I got out of the Hummer, and he ran around the back of the vehicle clutching my bag.

“Come on!” he shouted over the noise.

I could feel the edges of the rotor blast tugging at my clothes as we jogged toward the sound and light.

A helicopter squatted like a fearsome insect in the center of a typhoon of activity, its landing lights painting the scene in flashes of crimson. Black-clad soldiers were pulling themselves in the helo’s side doors and helping others hoist crates into its gut. A fireplug of a man stood by the door, staring into the mist. He saw us.

“That’s Lieutenant—”

“Larsen. I know,” I shouted over the stutter and whine of the helicopter. “Patterson told me. Larsen’s the SEAL platoon’s commanding officer.”

Weeks nodded, and we set a course for the lieutenant. He also was dressed in black and had a stubby assault rifle slung across his back. He wielded a clipboard like a hand-axe.

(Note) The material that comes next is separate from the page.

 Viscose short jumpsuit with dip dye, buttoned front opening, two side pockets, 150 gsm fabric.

“Are you Dr. Myers?” he said as we approached. It was impossible to discern his words, but the context helped me read his lips.

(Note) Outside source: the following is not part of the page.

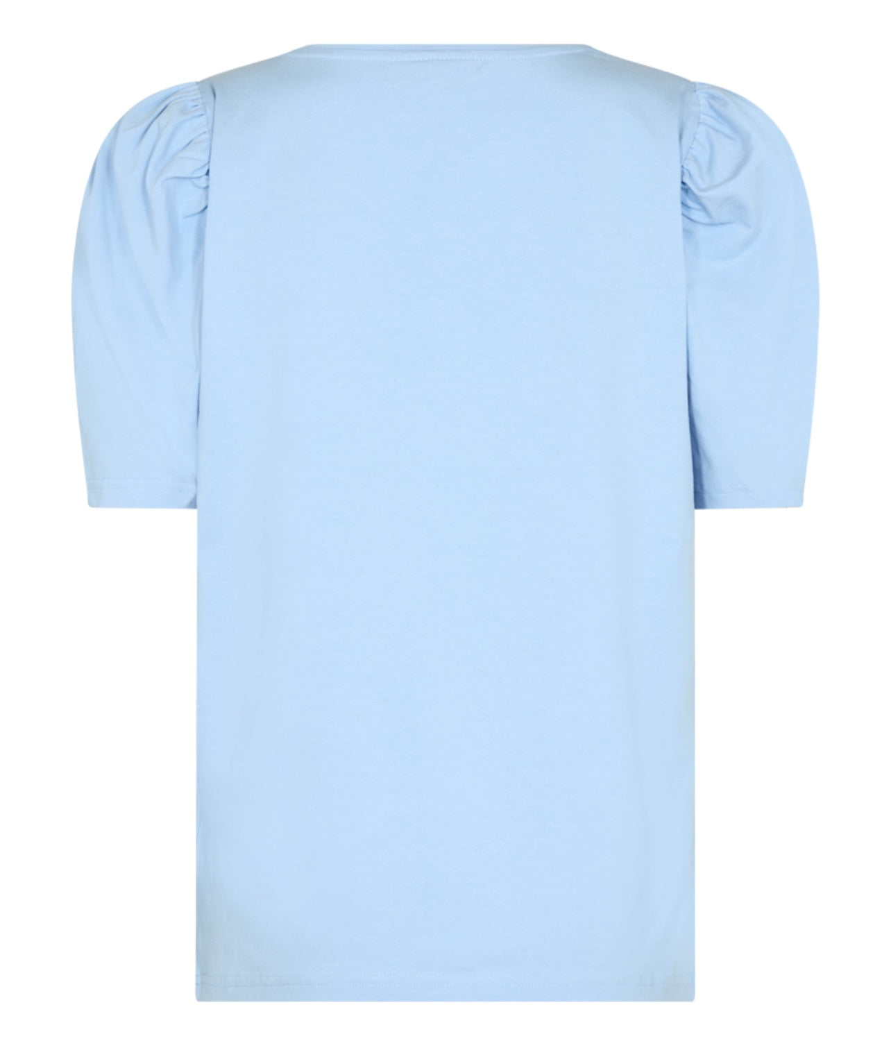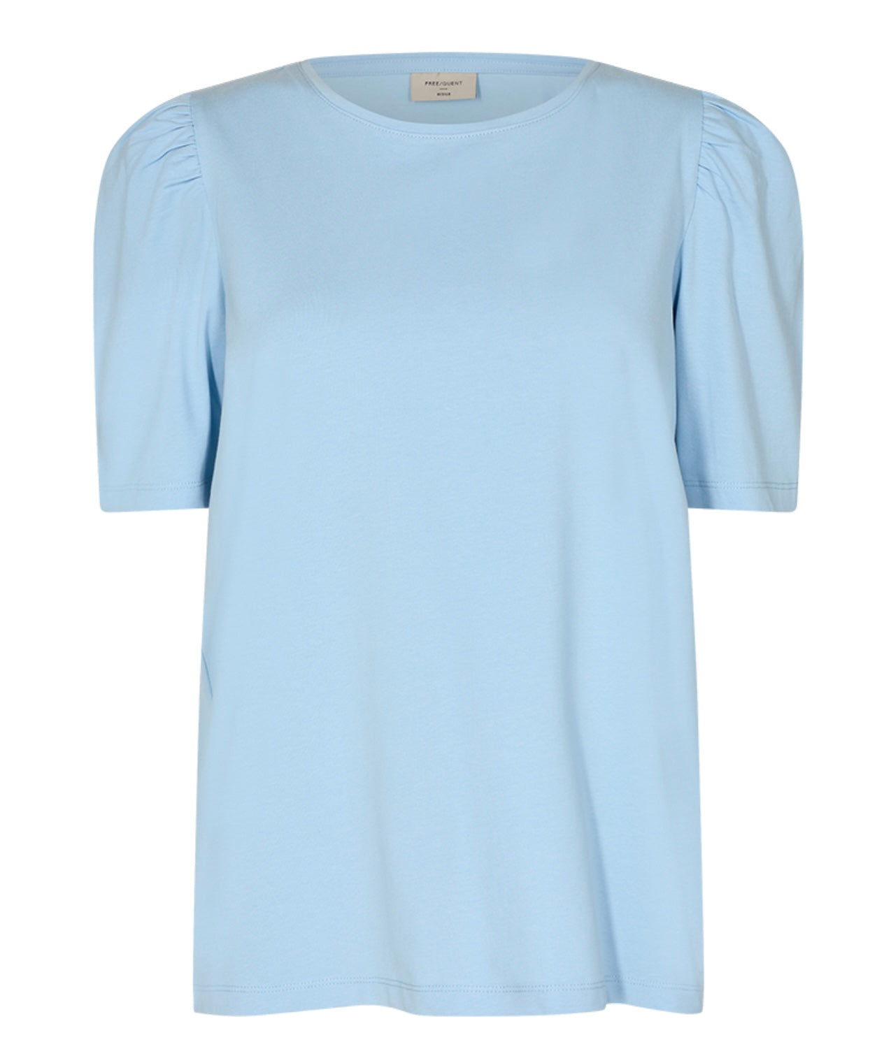 En T-skjorte fra Freequent, laget i et mykt materiale. Denne T-skjorten har en enkel silhuett med korte puff-ermer, en avrundet halslinning med ribbekant, samt en avslappet passform.

“Yes. Lieutenant Larsen?” I extended my hand and saw Weeks flinch in my peripheral vision.

“You’re late,” the SEAL said, ignoring the gesture. “We need to move. Get in the helo.” He turned and tossed the clipboard inside, then pulled himself in after it. I faced Weeks.

“Thanks for the ride. And for helping with my gear,” I said as he handed the bag to me.

“You need a hand?”

“Nah.” I threw my duffel at the feet of a stone-faced SEAL sitting in the helicopter, turned, hopped to a sitting position on the helicopter’s deck, then swung my legs in and stood.

I was confronted with a silent wall of shadowy masculinity in the helicopter’s red-lit interior. There was one seat left by the door on the other side, and I sat in it, dragging my bag to a position between my feet.

A crewman — the co-pilot, maybe — extricated himself from the front cabin. He pulled both doors shut, then grabbed a headset off the wall and handed it to me.

“We can hear each other talk this way!” he yelled. As I put it on, he gestured at my luggage. “And you need to stow that!”

I nodded and he grabbed it.

“Wait!” I said. He paused and turned to me. “Can I get something out?”

I reached in and removed the pages Patterson had faxed me. After I zipped up the bag, the crewman secured it to some webbing on the wall.

“You know how to strap in?” he asked.

I thought I did, but he didn’t give me a chance to answer. A few seconds of deft manipulation left me in the grip of a six-point harness. He leaned down in front of me, flashed a thumbs-up and headed back to the cockpit.

The men around me were wearing no such restraints. As I heard the pilot and co-pilot check off switches and instrument readings, the soldiers made a show of ignoring me and each other.

Then we were in the air.

“It’ll be about a half-hour ride,” I heard in my headset.

“Roger,” came a reply.

I looked down the line of SEALs and saw Larsen sitting at the end of the row across from me. He had the clipboard again, and his head was bowed as he examined its contents.

The man directly across from me seemed intent on using his eyes to drill a hole in the wall above my head. The cabin lights turned his face, framed by a black watch cap and matching turtleneck, a demonic crimson.

I felt like I should try to talk to him, or any of them. But the shadows in the helicopter seemed more solid and defined than the SEALs, who all looked the same. And acted the same: cold, silent.

There were no faces to scrutinize, no conversations to overhear. So I unfurled the faxes, massaging the rubber band on my wrist with two unthinking fingers as I read.

First, the submarine’s crew, an understrength complement of thirty men. The captain, Yoon Chong-Gug, had a distinguished record in the North Korean navy. He also had family in South Korea and had been working for the United States for several years. He was smiling in the picture at the top of his dossier, a mouthful of gapped teeth gleaming in contrast with his bushy black eyebrows.

When he found out he would be ferrying research from an offshore lab to a base on the mainland, he suggested the mass defection to his CIA contacts. They had arranged for the escort by a U.S. attack sub, but the details of the scheme were his.